The largest party in the European Parliament has warned that it will throw out Pierre Moscovici if the left challenges their Commission candidates.
With just four days to go before the start of the European Parliament hearings for the new Commissioners, tension is mounting.
Commission President Jean-Claude Juncker presented the new Commission to his own European People’s Party on Tuesday evening, 23 September. Alain Lamassoure, the head of the group’s French delegation, has said that after an in-depth examination of the candidates, the EPP would not be asking for any changes.
He added, however, that if the left challenges any of their Commissioners, the EPP, Parliament’s largest party with 221 MEPs, would retaliate with challenges of its own.
“If our coalition partners call for the head of one of the EPP Commissioners, two heads will roll,” the politician warned.
This message is aimed in particular at the French and their candidate, Pierre Moscovici. “Pierre Moscovici is the nominee that has raised the most questions within the EPP, not over his personality, but over his portfolio. His position is the most precarious of the socialist Commissioners,” Lamassoure said. The message is clear: if one of the most controversial Commissioners was called into question, be it Spain’s Canete or Hungary’s Navracsis, Moscovici would also be sacrificed.
The balance of terror
Pervenche Berès, the head of the delegation of French socialists, called this threat a “balance of terror,” adding that “in a democracy we must agree to evaluate the candidates on merit during the hearings”.

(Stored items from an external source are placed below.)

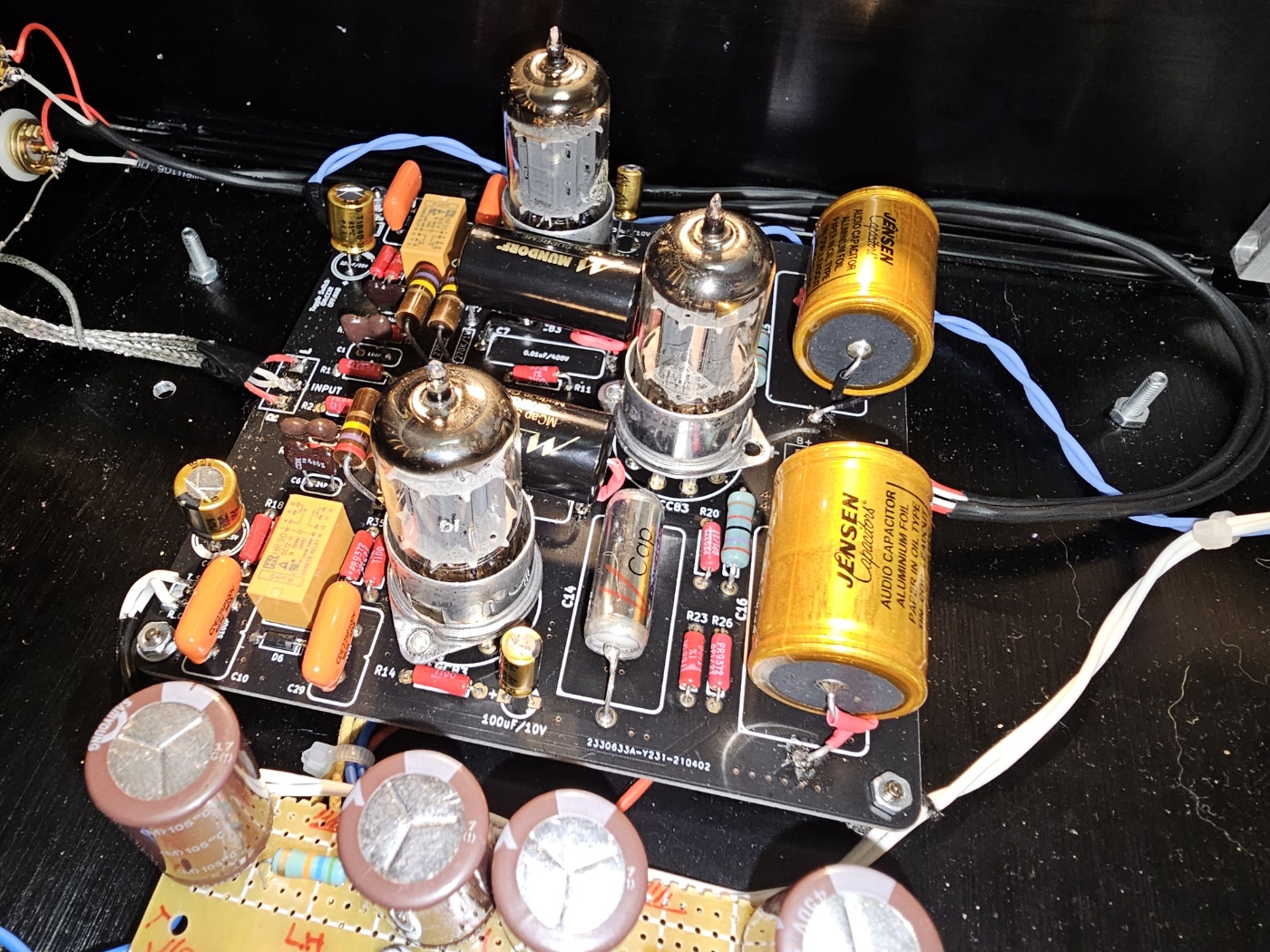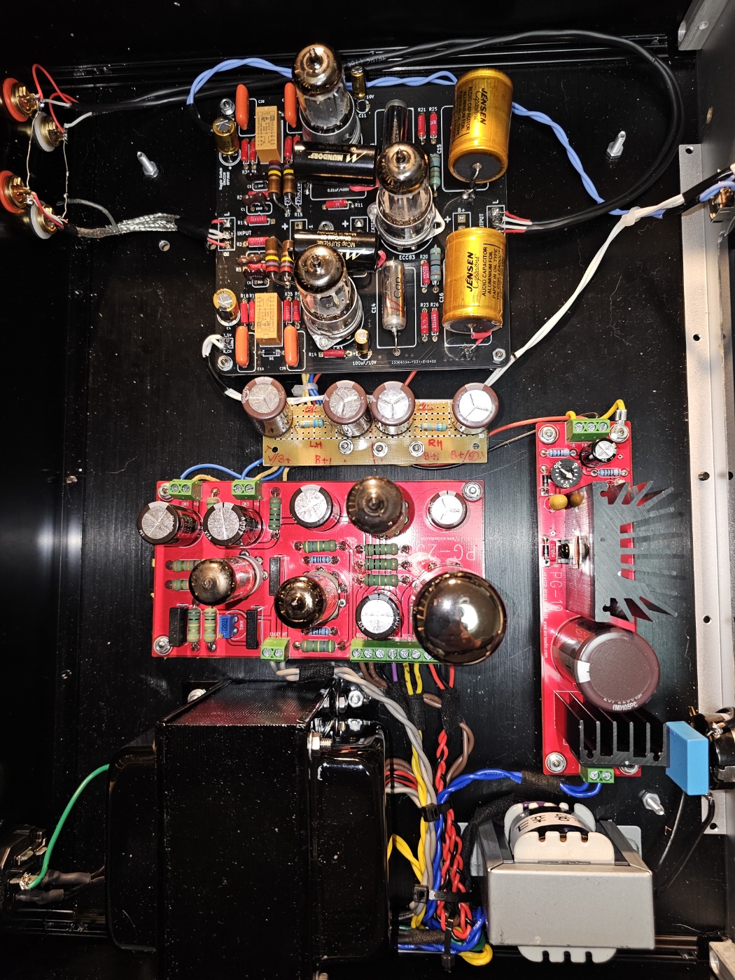 진공관은 텔레푼켄 각인관을 사용한 것으로 보이는데 음질 결정에 영향을 주는 커플링 콘덴서 선택에서 몇가지 후보를 실제 청음을 하면서 결정하였다고 하는데 최종 선택은 입력 부분에 Mundolf Film , 중간단에 V cap Film 콘덴서를 사용하여 넓은 대역의 음이 전송되도록 하고 마지막 단은 음질에 영향을 많이 미치는데 여러가지 바꾸어 가며 테스트한 결과 Jensen의 알류미늄 포일 콘덴서를 사용하였을 때 가장 충실한 중,저역이 얻어져 최종적으로 이로서 정착 하였다고 한다.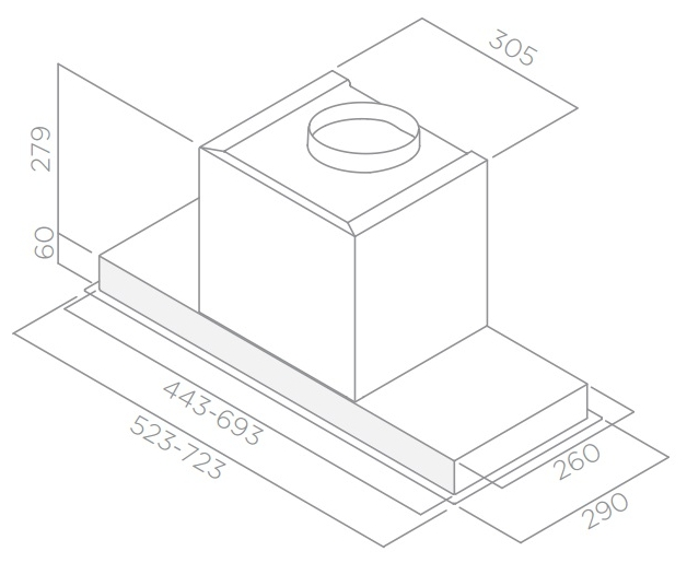 Встраиваемые вытяжки, как правило, работают в проточном режиме и требуют проводки воздуховода. Их главный плюс заключается том, что их можно почти полностью спрятать под столешницей или в кухонном шкафчике (см. "Тип встраивания"). Пользователю фактически остается видна только заборная часть вытяжки (то есть та, которая непосредственно поглощает воздух).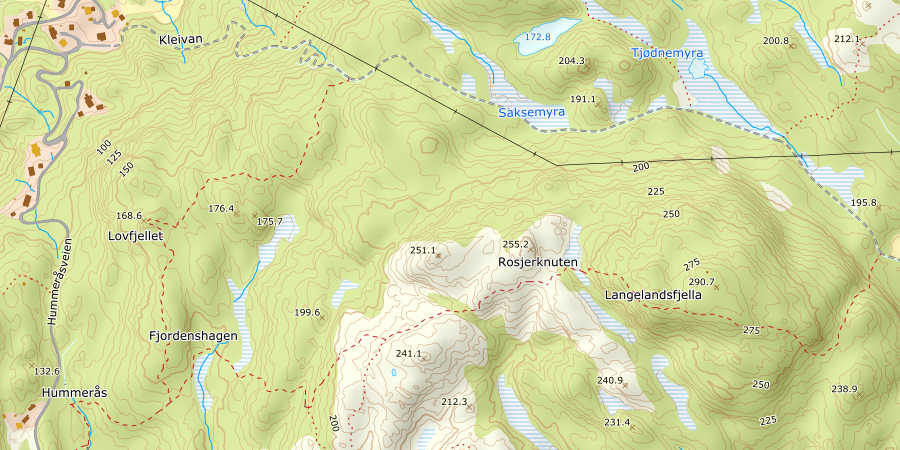 Klar for neste øytopp. Vi kjørte ut til den koselige lille bygden Rasvåg. Her er skikkelig sørlandsstemning med hvite hus og smale veier. Fortsatte oppover mot Hummarås P-plass, men i en av svingene der begynte bobilen å spinne og vi måtte rygge ned igjen til krysset. Folk kikket fra verandaen og lurte sikkert på hvilke tullinger som prøvde seg opp der. Hadde gått fint om veien var OK. Satte fra oss bilen der og snakket med en mann som bodde der. Han sa at her kunne vi stå, det er kommunal plass og mange parkerer der når de skal gå. Han sa at den veien vi prøvde å kjøre opp hadde rent vekk og var nettopp reparert, derfor var den bløt og vi spant med bilen. Her startet også en grusvei oppover og denne er merket til mange turmål, bla. Langelandsfjell. Vi gikk oppover denne, en bratt med fin grusvei som gikk over til en nydelig "vei" med deilig gressunderlag. Jeg kosa meg skikkelig her langs det lille vannet. Stien er godt merket helt til toppen og jeg er glad for at vi ikke kom oss opp til Hummarås p-plass for da hadde vi mistet denne fine stien opp. Bilder på toppen før vi gikk ned igjen den stien de andre her har gått opp og ned. Likte mye bedre den andre veien opp. Vi var også glade for at vi ikke kom lengre opp med bilen, da veien var enda mer ødelagt lengre opp mot Hummarsås. Anbefaler den veien vi gikk opp selv om den starter bratt og er lengre.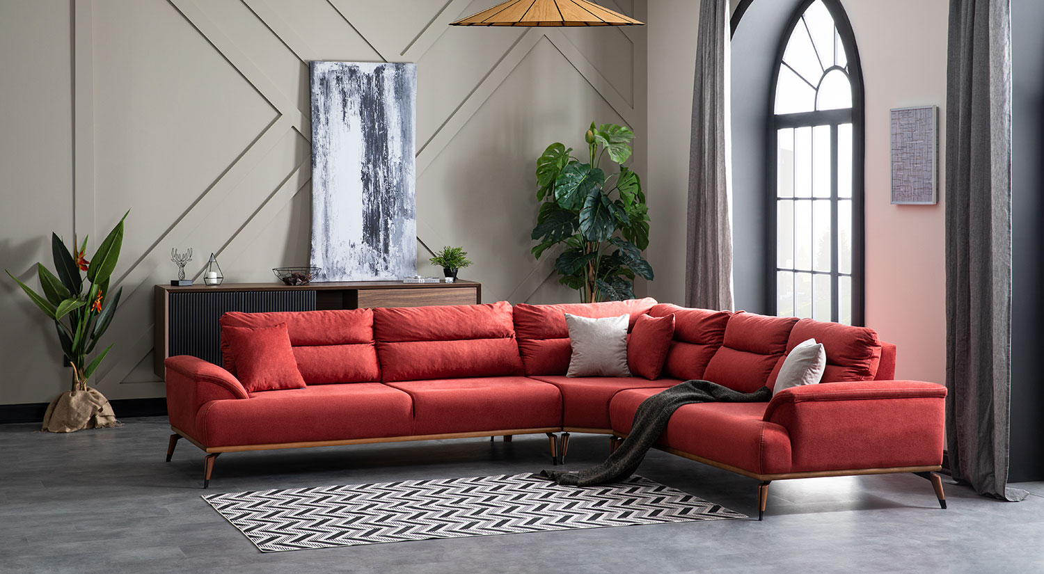 جلسة زاوية ميلانو -Milan Corner Sofa Set Large (Red)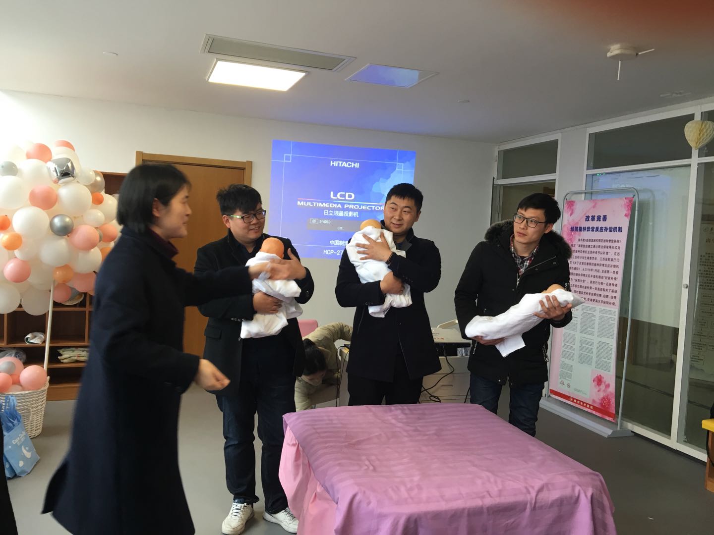 關(guān)愛婦幼,以“愛”為責,最后一個環(huán)節(jié),由產(chǎn)房吳麗萍護士長帶動大家參與沙龍活動,特別邀請在場的六位準寶爸們現(xiàn)場展示:如何環(huán)抱哭鬧的嬰兒?如何給嬰兒換尿不濕?從寶爸們笨拙的舉止和認真的態(tài)度中,大家忍俊不禁的“哄堂大笑”,這不單單激發(fā)了寶爸們的父愛,同時喚醒了男神們對我們女神寶媽們的敬畏之情,有愛有責才有家。
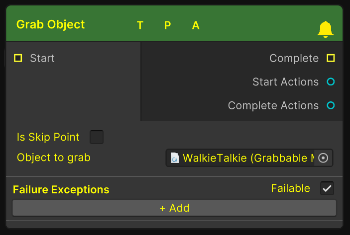Grab nodes, as the name implies, requires a user to grab an object to progress. This could be grabbing a tool, a walkie talkie or even a fire extinguisher. Find an example of this already set up for you in Flow-SDK → Ready to Use Prefabs → Grabbable Sample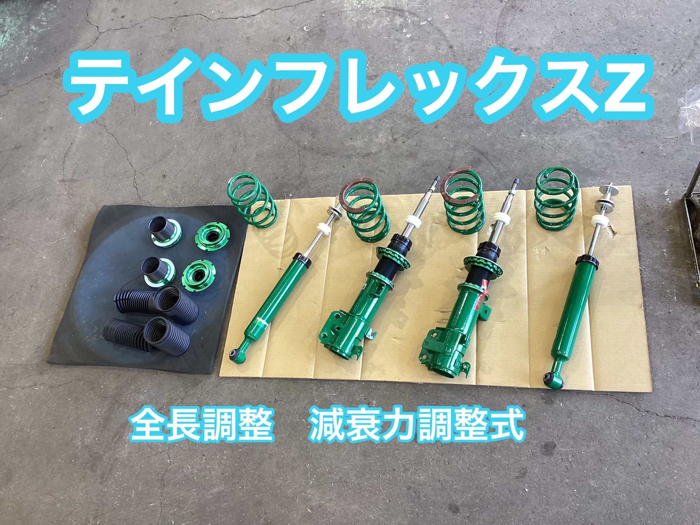 本日はホンダN-BOX JF3にテインフレックスZ装着 メーカー基準値からプラス5ミリほど更に下げた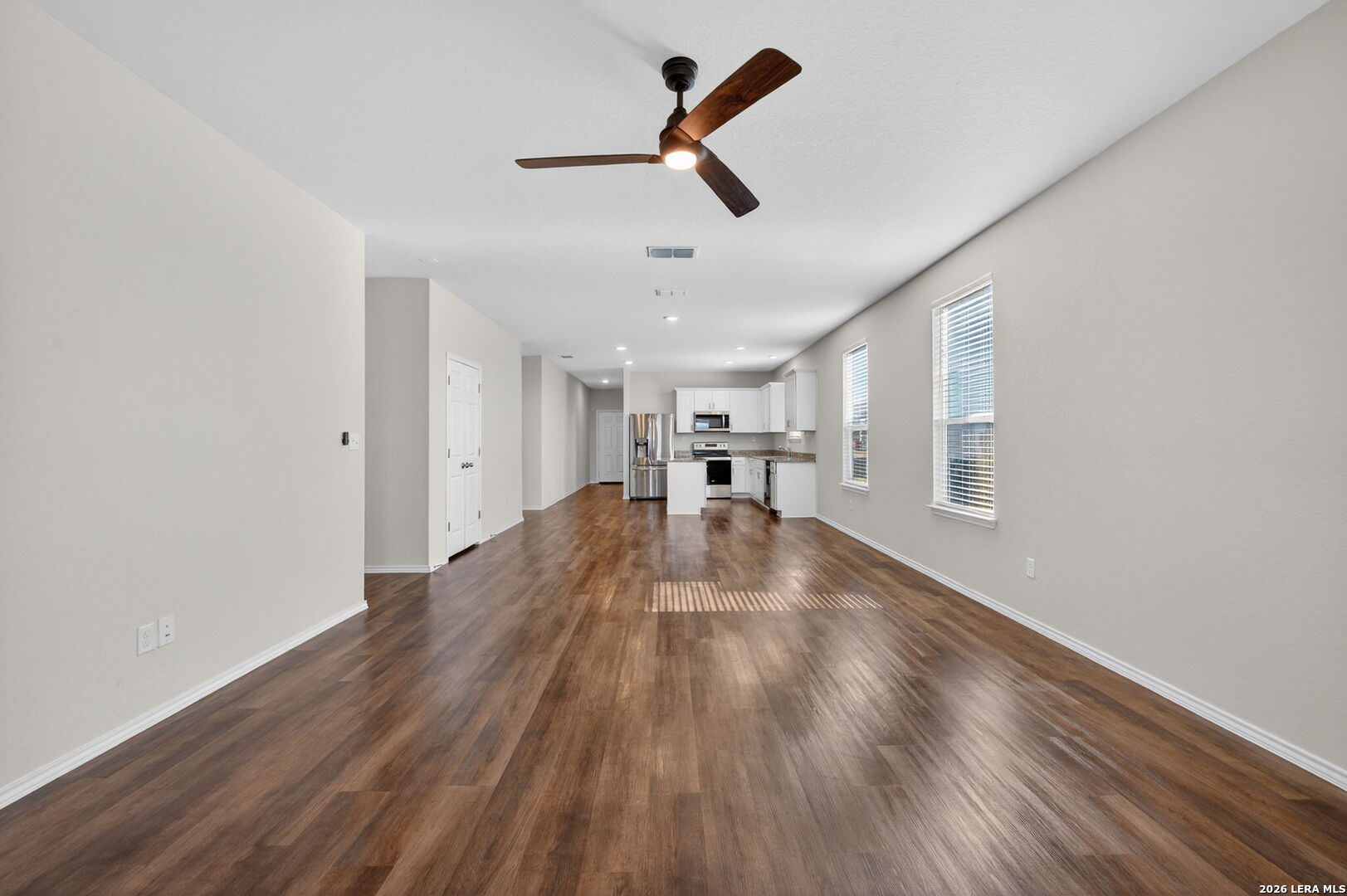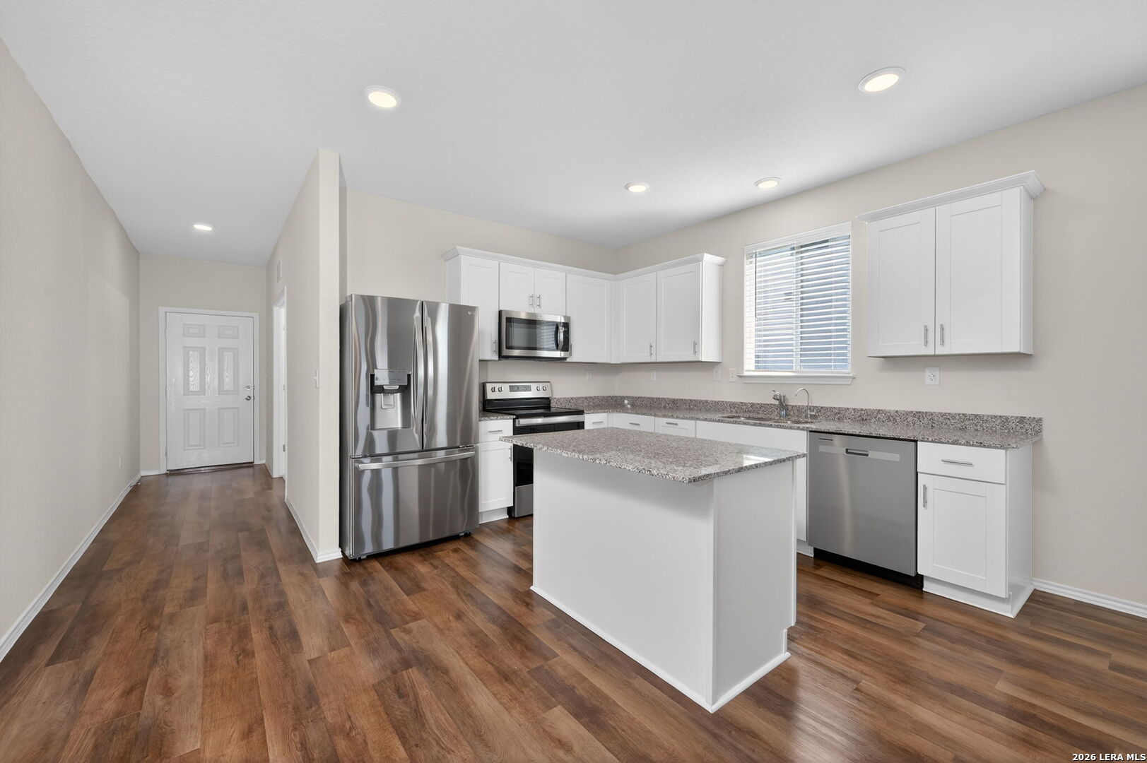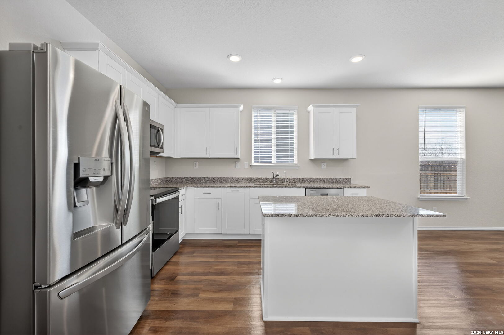 Featuring The Hewitt's open concept floor plan from Pulte Homes, this one story style energy efficient home accommodates free-flowing living. Upon entry, be greeted by the office/study room and luxury vinyl plank flooring which sprawls the property. The chef friendly kitchen with breakfast bar hosts granite countertops which opens into the large family room. The three bedrooms includes a secluded owner's suite which hosts double vanity and full bath. All LG & Whirlpool appliances stay. Sprinkler system installed. Offering peace and privacy, the land directly behind the property is owned by the Santa Clara's Homeowner's Association. Schedule your private tour today.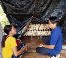 เจ้าหน้าที่ฝ่ายฟื้นฟูสังคมมนุษย์ สังฆมณฑลนครราชสีมา แผนกผู้ป่วยเอดส์และผู้พิการ ลงพื้นที่เยี่ยมเยือนติดตามงานส่งเสริมอาชีพด้านความเป็นอยู่หลังมอบเห็ดนางฟ้าให้ไปเพาะเมื่อปลายเดือนสิงหาคม กลุ่มผู้ติดเชื้อแจ้งว่า หลังเห็ดออกดอก ได้แบ่งไว้ทาน ส่วนที่เหลือได้นำไปแบ่งขายถุงละ 20 บาท 1 ถุง ใส่เห็ด 2 ขีด ขายดีมากในหมู่บ้าน มีความสนใจจะสั่งเห็ดเพิ่ม ทั้งนี้ในวันเดียวกันทางฝ่ายฟื้นฟูฯ ได้มอบไก่ไข่พร้อมหัวอาหาร อีก 25 ตัว อาหาร 10 กระสอบ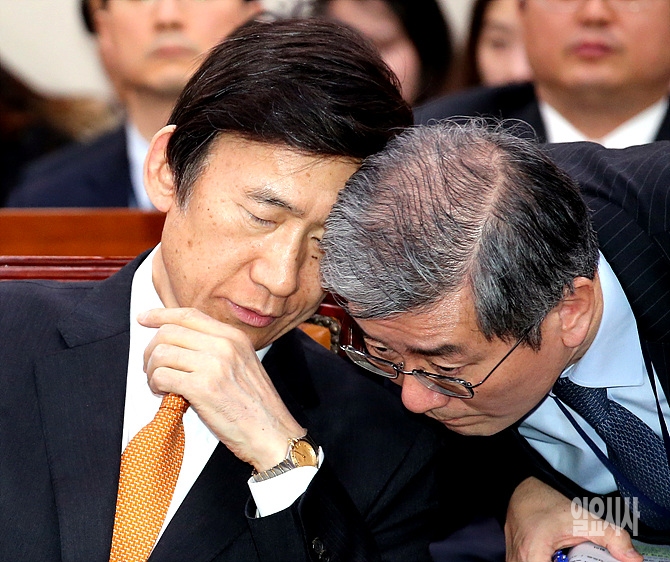 7일, 서울 여의도 국회서 열린 북한 수소폭탄 실험 발표 관련 긴급 현안보고에 출석한 윤병세 외교부장관이 회의 도중 관계자로부터 귓속말로 대화를 나누고 있다.

The elimination of Moscovici would seem unlikely, as MEPs could hardly use his past as France’s Finance Minister to call into question his competence in financial matters. But the EPP’s threat is very real, even if Berès plays it down. “The right is telling the Italian socialists the same thing, that they will lose Federica Mogherini (the High Representative) if they oppose certain candidates”.
Victims sacrificed on the altar of Parliament
It is obvious to all outside the EPP that the passage of certain Commissioners through Parliament will be arduous. “Jean-Claude Juncker himself has nominated two sacrificial victims in the Spain’s Canete at Climate Action and Energy and the Hungarian at Citizenship,” a Green MEP joked, adding that Juncker may have placed them there deliberately in order to provoke a reaction from the European Parliament. He could thus get rid of them without directly opposing the countries concerned, hiding behind the democratic legitimacy of the Parliament.
The former Spanish minister Canete may have sold his oil shares, but this is not enough to satisfy his opponents, who still doubt his climate credentials.
Fidez: an unresolved problem
The hearing of the Hungarian Commissioner, on Wednesday 1 October, will also turn the spotlight onto major concerns around Fidez, the party of Hungarian Prime Minister Viktor Orban, whose repeated human rights violations pose serious problems. “The real issue is that Fidez is a member of the European People’s Party,” Pervenche Berès says.
On 23 September, 977 NGOs from 32 different countries called on the EU to act against “the recent antidemocratic developments in Hungary. On top of its controls of the media, the justice system and economic affairs, Viktor Orban’s government is raising the pressure on civil society. Their apparent objective is to suppress all independent activity and the silence any voice that may be even slightly critical of the government,” the NGOs said.
On 24 September, the European Association for the Defence of Human Rights sent a letter to MEPs, asking them not to support the nomination of Mr Navracsis, the Hungarian candidate for the post of Commissioner for Education, Culture, Youth and Citizenship. “This is a worrying sign for the equality and citizenship policies that the European Commission intends to pursue,” the NGOs continue, amazed at this nomination, which they view as an “endorsement of the authoritarian and nationalist policies implemented by the Hungarian government”.
Jean-Claude Juncker, the new President of the European Commission, announced the distribution of portfolios among his new team on 10 September.
Among the new Commissioners, due to take up their posts on 1 November, are 18 former (prime) ministers. The President has announced that the new Commission will be "very political".
The new Commission must now be approved by the European Parliament, who will interview the Commissioners between 29 September and 7 October. During these two weeks of hearings, the 27 Commissioners will be interviewed by MEPs from relevant parliamentary commissions. The European Parliament must then accept or reject the whole team.